Starting today, the authority has launched a pilot program that will see service reduced on the numbered IRT lines during minor holidays. Instead of operating trains on a weekend schedule as the TA does for Independence Day, Memorial Day and the like, Transit will instead run trains at around 75 percent of normal on Martin Luther King Day, Good Friday, Columbus Day, the Friday after Thanksgiving, Christmas Eve, the three weekdays following Christmas and New Year’s Eve if it falls on a weekday. Demand, says the authority, is usually 60 percent of normal during those so-called minor holidays.
As far as the nitty gritty goes, peak hour wait times will increase by at most 1-2 minutes while off-peak wait times might be a bit longer, and the initial A Division-only pilot will save the authority $200,000. Transit anticipates “significant additional savings on an annual basis” when and if the program expands to include B Division lettered trains as well.

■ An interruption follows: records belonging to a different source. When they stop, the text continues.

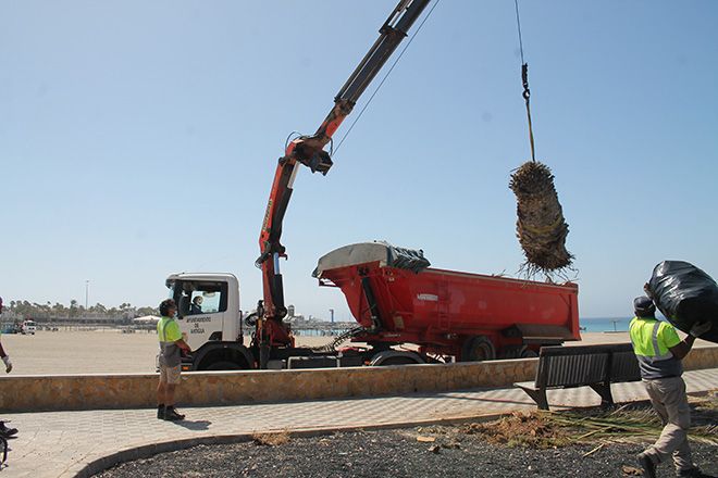 El Ayuntamiento de Antigua desde la concejalía de Parques y Jardines ha procedido a la retirada de las palmeras rotas o muertas en las zonas ajardinadas colindante con el paseo marítimo de El Castillo.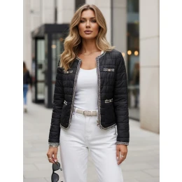 Dámská bunda s lehkou prošívanou konstrukcí navržená jako univerzální přechodový oděv. Jednoduchý střih byl doplněn ozdobnými lemy, které celku dodávají strukturovaný a elegantní charakter. Lehká vrstva zateplení poskytuje pohodlí v chladnějších dnech, aniž by příliš zatěžovala siluetu. Model se dobře uplatní v každodenních i rafinovanějších stylizacích.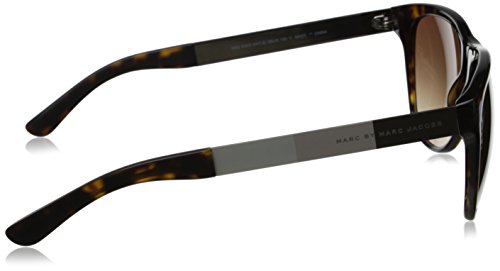 Marc by Marc Jacobs Sunglasses style MMJ 408/S is an oversize rectangular plastic frame with striped detailing on the metal temples. The MMJ 408/S features a saddle nose bridge and plastic temple tips for superb comfort and fit. The Marc by Marc Jacobs logo is featured on the temples. Marc by Marc Jacobs Sunglasses have lightweight scratch/impact-resistant lenses.Feature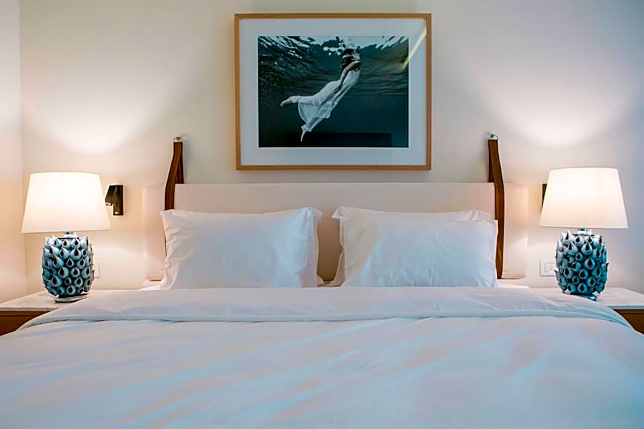 This romantic, open plan hideaway combines aristocratic luxury and ultimate tranquility, with full access to a world-class resort. Embellished with elements of naturally fallen wood, statement furniture and bright summer hues of hand-picked artwork, it also features an en suite marble bathroom with pastel mosaic sink, and walk-in shower. Outside, beyond your terrace, walk across the lawn of a five-century old olive grove to the private beach, main pool, and promenade of restaurants, art gallery and bars.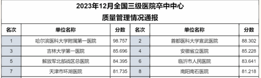 哈医大一院卒中中心获全国高级卒中中心质量管理排行第一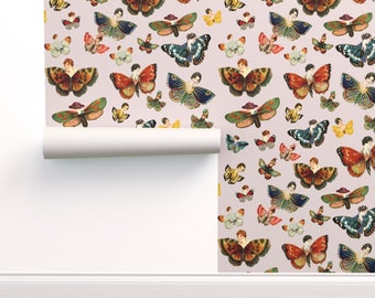 Vintage Wallpaper Moths And Butterflies Pattern Removable Self Adhesive Or Traditional Botanical Room Decor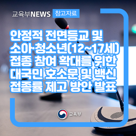 교육부(부총리 겸 교육부장관 유은혜)와 질병관리청(질병관리청장 정은경)은 안정적 전면등교 및 소아·청소년 접종 참여 확대를 위한 대국민 호소문 및 백신 접종률 제고방안을 12월 1일(수)에 공동 발표하였다.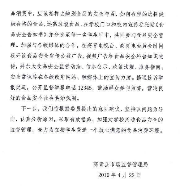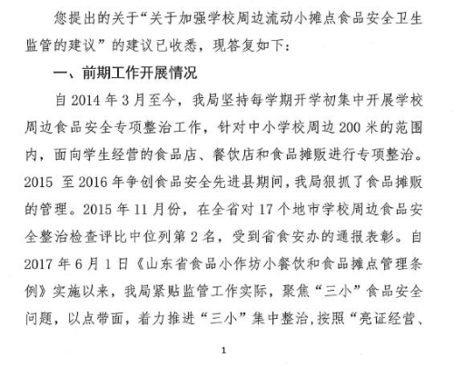 对加强学校周边流动小摊点食品安全卫生监管(县政协十四届三次会议第47号提案)的答复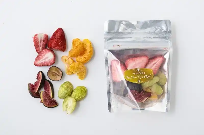 素材に熱を加えないフリーズドライ製法で仕上げたドライフルーツ。軽くサクッとした食感が特長で、いつでも手を汚さずフルーツのおいしさを味わえます。 |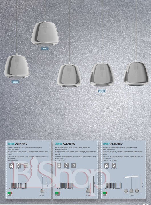 Кількість ламп: 1. Тип цоколя: E27. Висота (див): 150. Потужність лампи (Вт): 40. Діаметр (див): 26.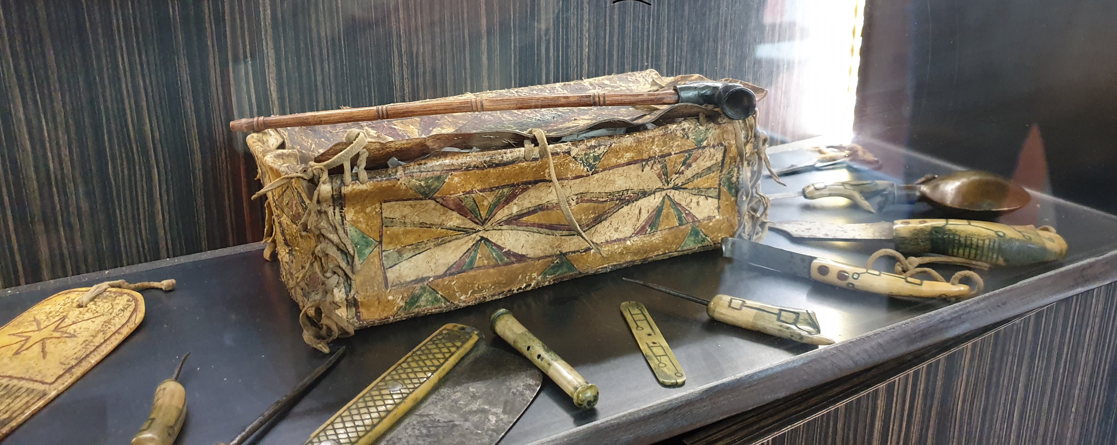 Kayak, harpons, vêtements et coiffes indiens, plusieurs porte-bébés de différentes tribus, poupées kachina, de nombreux outils bien documentés et mis en scène animent les différents bureaux de cet espace de travail. Ce fut plus qu’une mise en bouche pour la visite des Confluences, un superbe moment, un grand merci à Dominique Arcadio.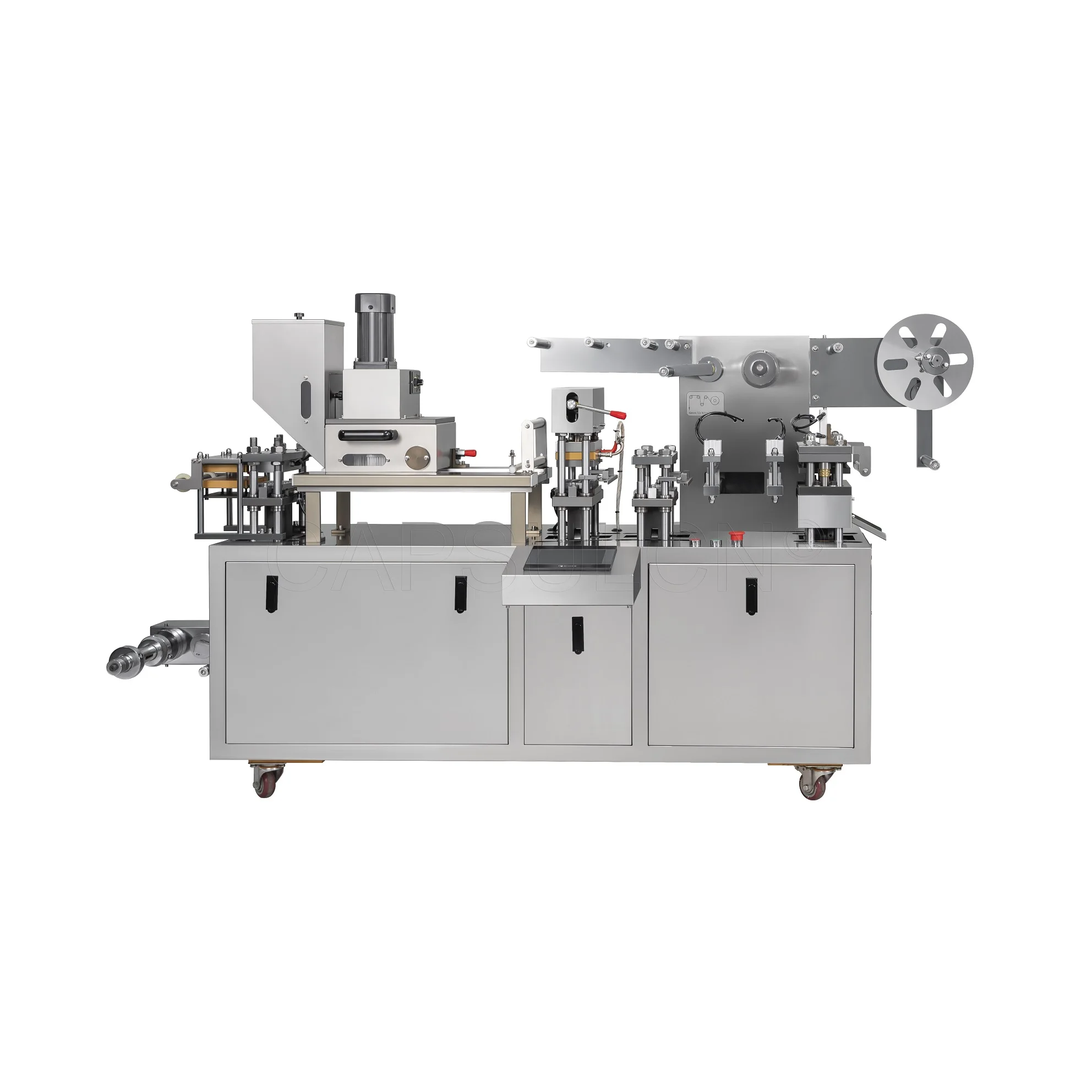 DPP-88 is a flat-plate aluminum-plastic blister packaging machine which integrates many functions including PVC feeding, PVC heating, PVC forming, PTP feeding, sealing of PVC and PTP, batch number printing, indentation line making, etc. It is suitable for all kinds of capsules, tablets, sugar coated tablets, honey pills, injections, ampoules, etc. CapsulCN The products have the characteristics of long shelf life, good sealing performance, beautiful appearance, safety and hygiene, conforming to the GMP production standards.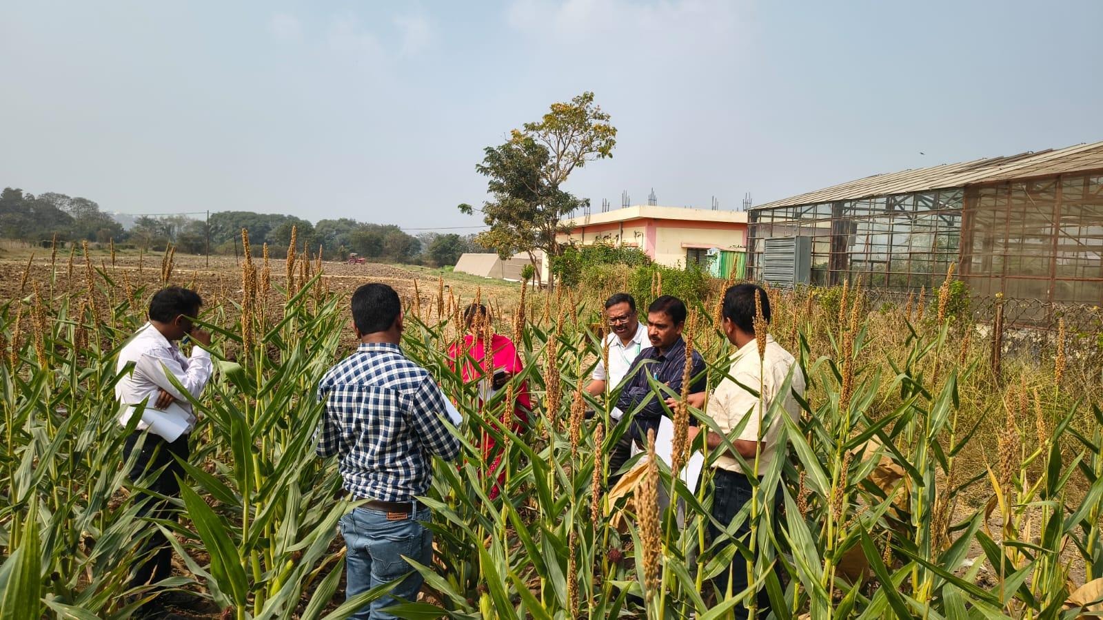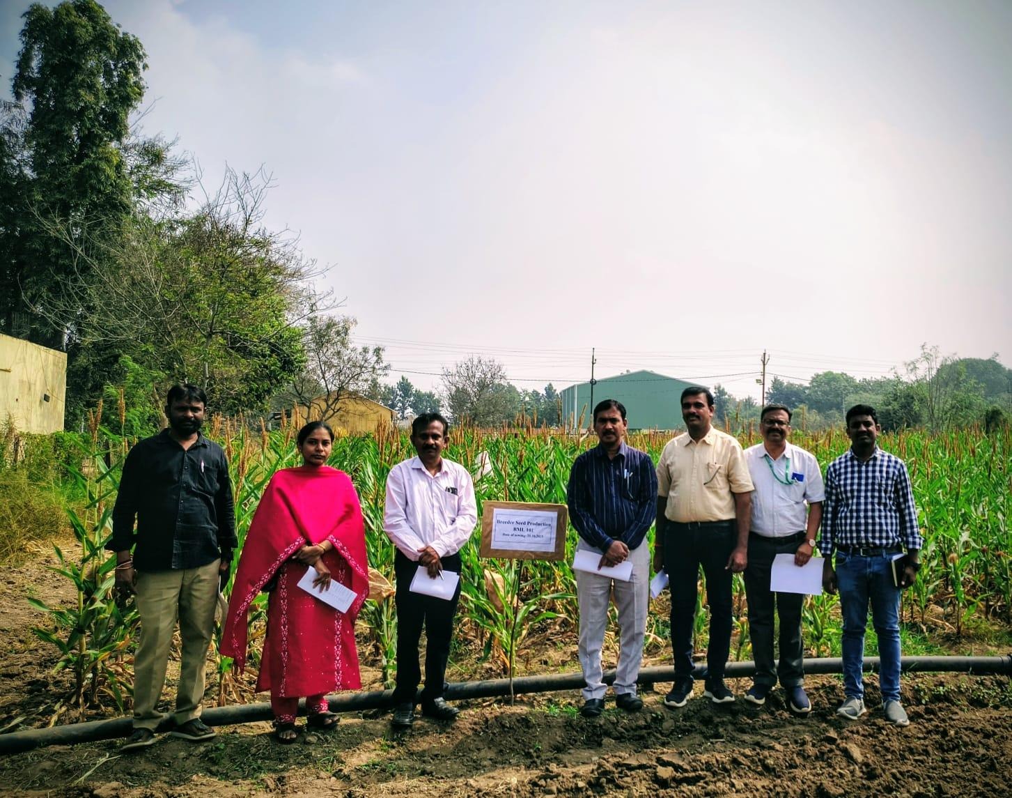 Dr. M V Nagesh Kumar, Director (Seeds) , PJTAU   visited the Maize Breeder seed production fields of BML 101 at Maize Research Unit, ARI, Rajendranagar on 30.01.2026 along with Dr. N. Sunil, Principal Scientist (Pl.Br) & Head, Winter nursery centre, ICAR- IIMR, Hyderabad, Dr. K. Sukumar, Principal Scientist (Pl.Br) , SRTC, Rajendranagar,         Sri. M. Shivakumar, Assistant Director of Seed certification, TGSCOA, Hyderabad, Smt. Rubeena Afrin, Regional Manager, TGSDC, Hyderabad and Smt. Anjali, Manager (Production), National Seed Corporation, Secundrabad. During the field visit Dr. D. Bhadru, Principal Scientist (Maize & Millets), briefed the team on the breeder seed production programme and explained the morphological characteristics and distinguishing features of BML 101. The Team closely observed the crop stand, uniformity, flowering behaviour, and overall field condition and expressed satisfaction with the quality of breeder seed production being maintained at the Maize research unit.

Reaction to the new plan has been decidedly mixed, as The Post reported today. “If it ends up reducing service and causing problems for people, you really have to question whether it’s worth it. For some of these minor holidays, I’m not sure how much of a decrease there really is,” William Henderson of the MTA’s Permanent Citizens Advisory Committee said, citing the day after Thanksgiving as a popular day for the subways.”
On the other hand, though, the MTA says that “reduction in service is smaller than the reduction in ridership” on this minor weekday holidays, and anecdotally, the subways are often emptier during these holidays than they are on a typical weekday. So I pose this to you: Death by 1000 cuts or a service adjustment that makes sense considering the circumstances?